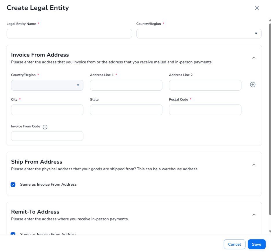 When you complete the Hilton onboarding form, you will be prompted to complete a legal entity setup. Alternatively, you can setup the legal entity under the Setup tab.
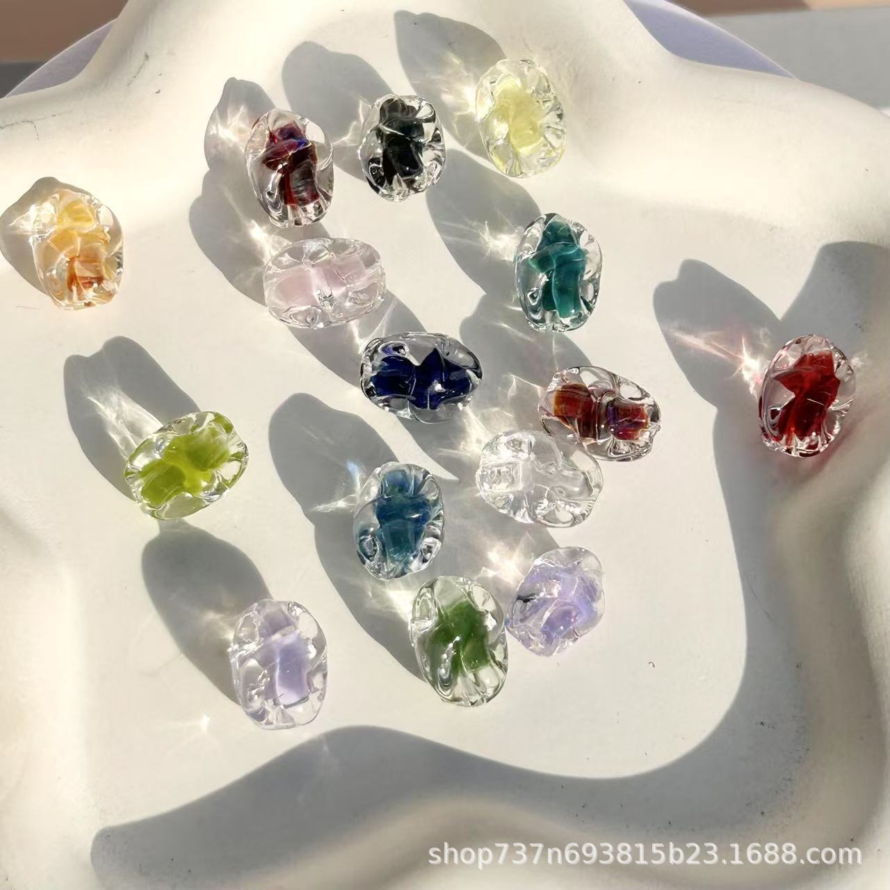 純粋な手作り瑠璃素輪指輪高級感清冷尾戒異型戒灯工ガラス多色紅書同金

******************************

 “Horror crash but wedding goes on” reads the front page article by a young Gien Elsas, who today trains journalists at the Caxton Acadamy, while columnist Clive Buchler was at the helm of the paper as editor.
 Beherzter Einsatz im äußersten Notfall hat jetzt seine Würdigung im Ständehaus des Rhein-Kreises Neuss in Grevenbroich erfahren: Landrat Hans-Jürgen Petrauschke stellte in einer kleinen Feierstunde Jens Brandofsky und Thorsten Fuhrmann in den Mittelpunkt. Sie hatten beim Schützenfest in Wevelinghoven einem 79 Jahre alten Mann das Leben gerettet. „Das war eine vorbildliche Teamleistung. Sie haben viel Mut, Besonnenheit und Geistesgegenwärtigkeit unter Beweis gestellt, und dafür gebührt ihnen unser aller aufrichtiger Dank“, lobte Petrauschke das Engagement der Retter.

******************************

## [Work instruction]
Would you output the lines above from the line holding "When you complete" up to and including the line holding "純粋な手作り瑠璃素輪指輪高級感清冷尾戒異型戒灯工ガラス多色紅書同金", exactly and only those, with no pictures?

## [Expected answer]
 When you complete the Hilton onboarding form, you will be prompted to complete a legal entity setup. Alternatively, you can setup the legal entity under the Setup tab.
 純粋な手作り瑠璃素輪指輪高級感清冷尾戒異型戒灯工ガラス多色紅書同金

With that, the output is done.